### Material provided

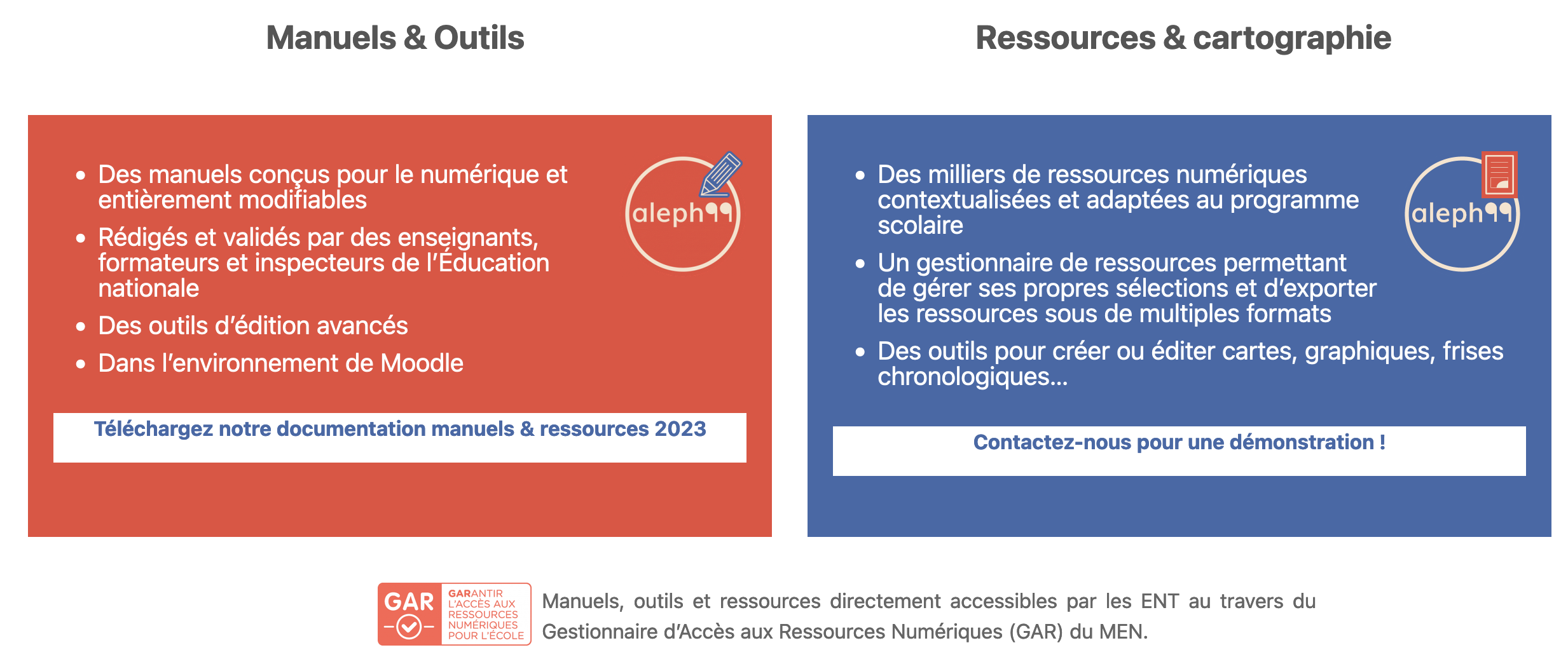 Aleph99 manuels et ressources est disponible pour tous les lycées en Ile De France via le GAR de l’ENT de l’établissement et recouvre les programmes d’histoire-géographie de la seconde à la terminale. Aleph99 est composé de 2 parties :
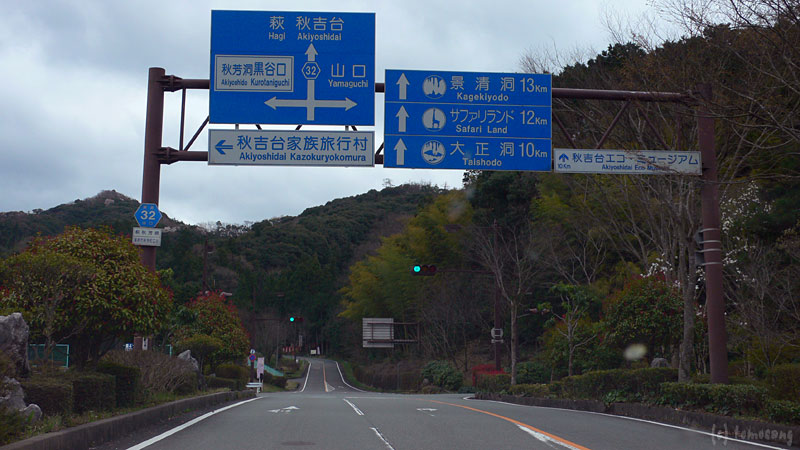 秋吉台の中を走る道は山口県の県道32号になっている。
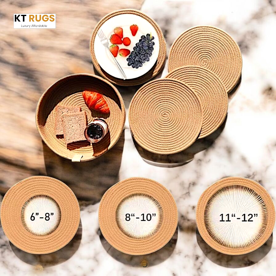 Add rustic charm to your dining table with this set of 6 handcrafted braided jute placemats in a neutral beige tone. Perfect for boho, farmhouse, and festive décor.
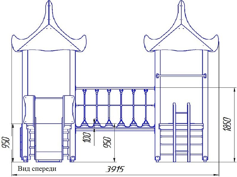 Игровой комплекс представляет собой сборноразборную, модульную конструкцию, состоящую из восьми опорных столбов, двух площадок, двух башен под шатровыми крышами, одного лестничного марша, двух перил к лестничному маршу, выполненных в виде металлического каркаса с фанерными экранами, одного подвесного моста со страховочным полом на металлическом каркасе, соединяющем площадки, одного ската горки с высотой стартового участка 950мм, одного снаряда «скалолаз» со стойкой для подъема, одной гимнастической стенки из турников, одного снаряда для съезжания с ручкой, одного снаряда для подъема «лиана» с перилами, турников. Оборудование устанавливается и бетонируется на оцинкованные металлические подпятники. Возраст пользователя от 5 лет.Опорные столбы выполнены из клееного бруса сечением не менее 100мм*100мм с канавкой посередине. Площадки выполнены из доски сечением не менее 100мм*40мм. Металлические подпятники, выполнены из круглой трубы сечением не менее 42мм и листового металла толщиной не менее 4мм. Шатровая крыша выполнена из фанеры толщиной не менее 15мм и листового металла толщиной 4мм. Лестничный марш выполнен из сухой доски сечением не менее 140мм*40мм. Перила к лестничному маршу выполнены из круглой трубы сечением не менее 27мм, листового металла толщиной не менее 4мм и фанеры толщиной не менее 15мм. Подвесной пол представляет собой конструкцию из подвешенных к перилам на полипропиленовых канат клееных досок. Перила выполнены из профильной трубы сечением не менее 40мм*40мм и листового металла толщиной не менее 4мм. Доски – комбинированные, выполнены из сухой доски сечением не менее 120мм*30мм и ламинированной нескользящей фанеры толщиной не менее 24мм, склеенных между собой под прессом. Страховочный пол выполнен из профильной трубы сечением не менее 40мм*20мм, листового металла толщиной не менее 4мм и влагостойкой ламинированной фанеры толщиной не менее 24мм. Скат горки выполнен из фанеры толщиной не менее 24мм и единого листа нержавеющей стали толщиной не менее 1,5мм. Скат горки имеет металлический каркас, выполненный из профильной трубы сечением не менее 20мм*40мм. Стартовый участок горки имеет ограждения, выполненные из фанеры толщиной 24мм и имеет турник – ограничитель, выполненный из круглой трубы сечением не менее 27мм и листового металла толщиной 4мм. Снаряд «скалолаз» выполнен из фанеры толщиной не менее 24мм. Стойка для подъема имеет п-образную форму и выполнена из круглой трубы сечением не менее 27мм и листового металла толщиной 4мм. Распорные турники гимнастической стенки выполнены из круглой трубы сечением 27мм и листового металла толщиной 4мм. Снаряд для съезжания имеет зигзагообразную форму и выполнен из круглой трубы сечением не менее 42мм и листового металла толщиной не менее 4мм. Ручка выполнена из круглой трубы сечением не менее 34 мм и листового металла толщиной не менее 4мм. Снаряд «лиана» выполнен в виде п-образных ступеней и изготовлен из круглой трубы сечением не менее 42 мм и листового металла толщиной не менее 4мм. Турники выполнены из круглой трубы сечением не менее 27мм и листового металла толщиной 4мм. Все металлические элементы выполнены с применением высокоточного оборудования. Деревянные и фанерные элементы изготавливаются на полуавтоматизированной линии по обработке деревянных и фанерных изделий.Все деревян
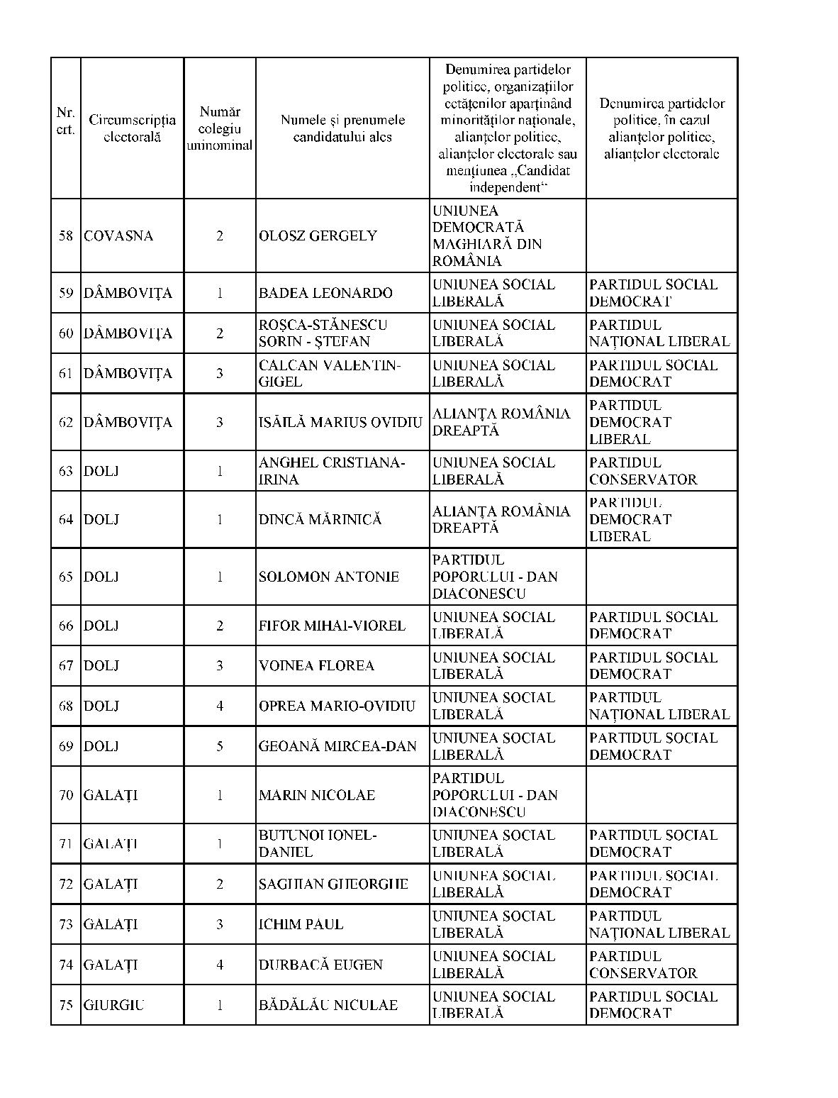 privind rezultatele alegerilor din 9 decembrie 2012 pentru Camera Deputaţilor şi Senat
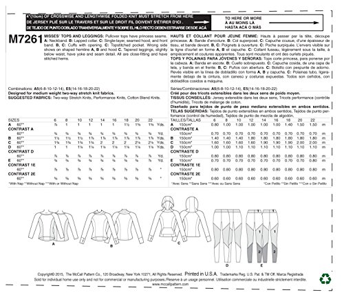 McCall's Patterns M7261 Misses' Tops & Leggings, E5 (14-16-18-20-22)
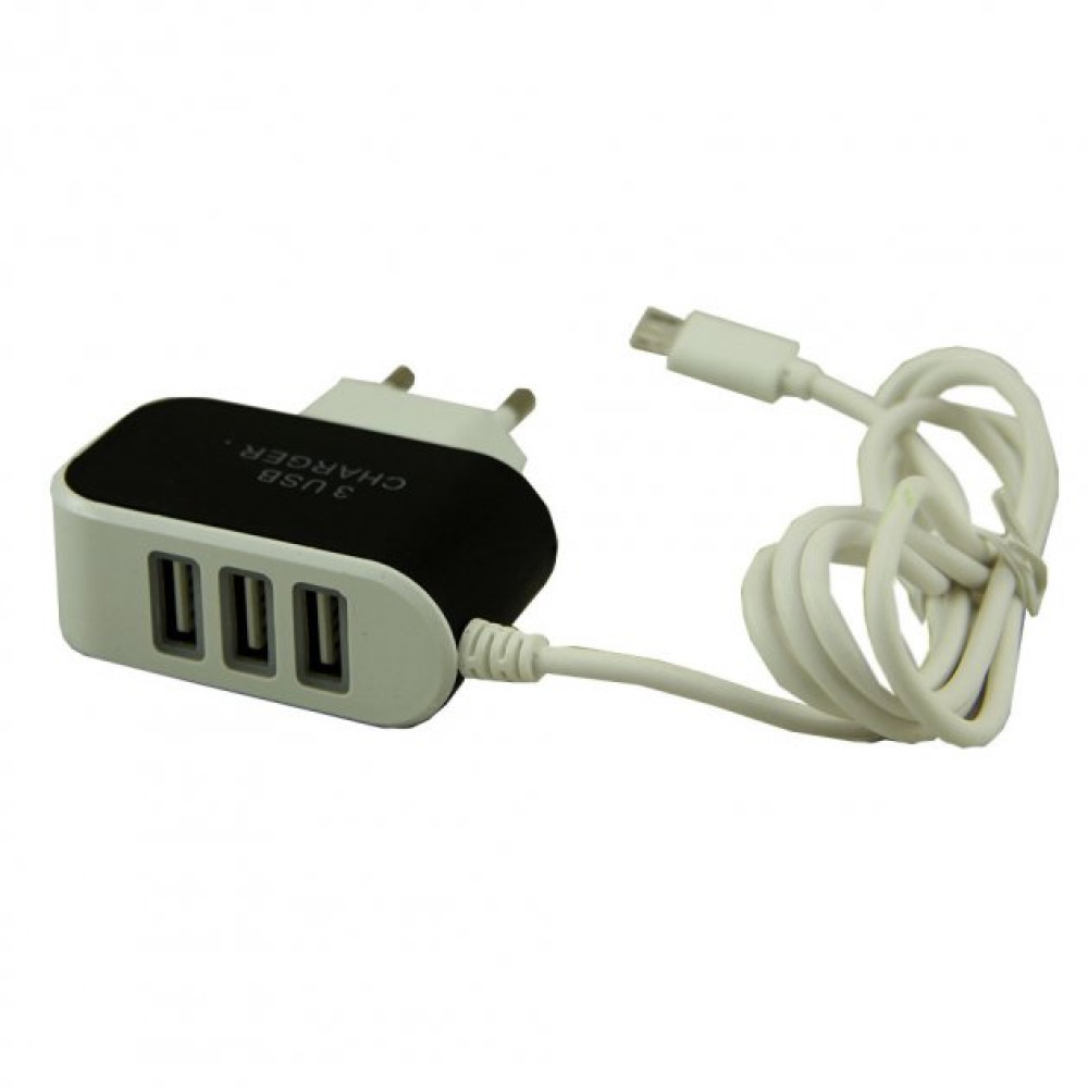 Сетевое зарядное устройство USB 8600 MICRO V8 ∙ Блок питания – хаб с адаптером для зарядки на 3 USB порта

######

▶ [Activity]: In the reply, give again exactly the lines from the beginning of the entries above through the line with "秋吉台の中を走る道は山口県の県道32号になっている。"; pictures stay out.

▶ [Expected answer]:
 Aleph99 manuels et ressources est disponible pour tous les lycées en Ile De France via le GAR de l’ENT de l’établissement et recouvre les programmes d’histoire-géographie de la seconde à la terminale. Aleph99 est composé de 2 parties :
 秋吉台の中を走る道は山口県の県道32号になっている。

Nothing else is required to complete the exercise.